Not that he was looking for a woman, he reminded himself. Blond or otherwise.

“I’m sorry. I can’t help you.”

“I’ll pay you double.”

“Money isn’t the issue. I’m really not the man you’re looking for.”

Desperate for something to bargain with, she looked toward the telephone. “I’ll baby-sit your children.”

He opened his mouth, automatically prepared to decline. What came out was a disbelieving huff of air and a flat “You’re kidding.”

“No. No, I’m not,” she insisted, utterly determined to get him to agree. “I couldn’t help overhearing your conversation when I first came in. I wasn’t trying to listen,” she explained, looking as if she felt guilty, anyway. “But I heard you say you need to get another housekeeper. And I know how hard it’s been for you to keep help.”

“It hasn’t been that hard,” he muttered. Having gone through five housekeepers in the past three years might sound as if the problem rested with him, but that wasn’t the case at all. “There were reasons those women didn’t work out.”

“Oh, I know,” she assured him easily. “Your first one moved to be near her children, and I think you fired one because the kids didn’t like her. Two quit because your house is so remote, and they didn’t like being isolated all week. And I heard that the last one left because you weren’t interested in having her warm your bed. You wouldn’t have to worry about any of that with me,” she assured him, her beguiling eyes utterly sincere and steady on his. “Especially the sex part. I’m not going to bed with you.”

Sam wasn’t sure which threw him more. The way his stomach tightened as their eyes remained locked, the blunt way she’d just told him she wasn’t going to get naked with him or the casual way she proceeded to lay down her rules before he could even tell her he wasn’t interested.

“I know you’re looking for a live-in,” she told him, pushing her hands into the deep pockets of her pants. The tank top she wore was the same brown as the buttons on the sides of her overalls. It exposed the delicate line of her collarbone, the elegant line of taut, smoothly muscled arms. “I wouldn’t be able stay at your place, though. Or do your housework. I have other obligations during the day,” she explained, apparently referring to her son and her job at the bookstore. “But you can drop the children off at my house in the morning and they can come to mine after school until you find someone else.”

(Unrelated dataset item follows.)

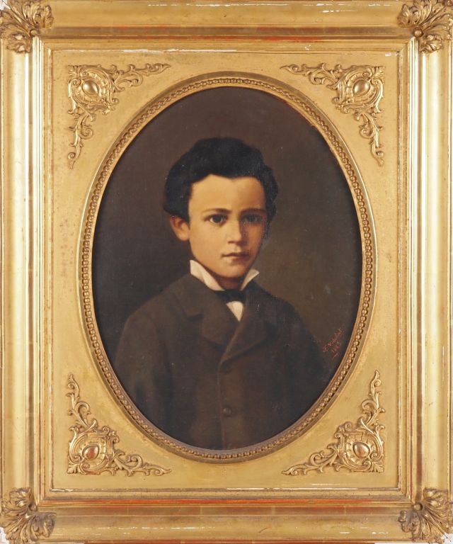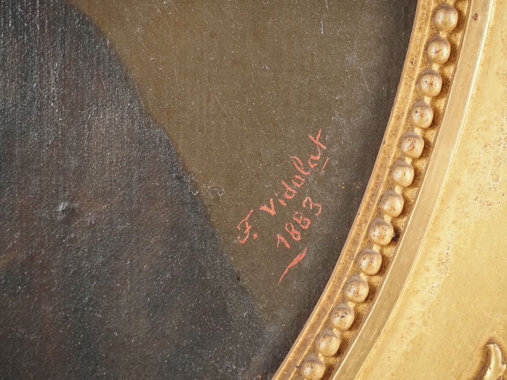 F. VIDALAT. "portrait de jeune garçon" Huile sur toile, signée en bas à droite et datée 1883 dans son cadre médaillon en stuc Dim. À vue : 39,5 x 30 cm

She tipped her head, a lock of her impossibly curly hair falling over her shoulder and curving against her small firm breast. “When are they coming back from your parents’ house?”

It wasn’t like Sam to be caught so completely off guard. As with any parent of two small children, his days inevitably unfolded around the unexpected. Then there was his job. Flying cargo and passengers in the unpredictable weather and rough geography of the San Juan Islands and the Alaskan panhandle pretty much demanded that he immediately adapt to the unforeseen. He was usually pretty good at it, too. The juggling aspects of it, anyway.

“Next week. The day after Labor Day,” he expanded, mentally shaking his head at both her proposal and her persistence.

“That’s when school starts.”

“Right. Look,” he muttered, needing to get a grip on the situation. “Thanks for your offer, but I really need a live-in. And I need her now. There are times when I’m late or when I can’t get back because of the weather. I never know when that might be.”

“It’s not an offer. It’s a proposition. Child care for flying lessons.”

Sam blinked at her undaunted expression. The woman was as tenacious as the barnacles clinging to the pilings of the float plane pier. “I said I don’t give them.”

“You could always make an exception,” she suggested ever so reasonably. “Besides, you don’t need to make up your mind right now. I’m sure you’ll want to check me out since you don’t really know me. I know your children, though. Your wife used to bring them to the bookstore. Your sister still does. Jason has always liked stories about anything with big teeth and claws. Jenny adores any cover with glitter on it, but The Little Mermaid is her favorite.”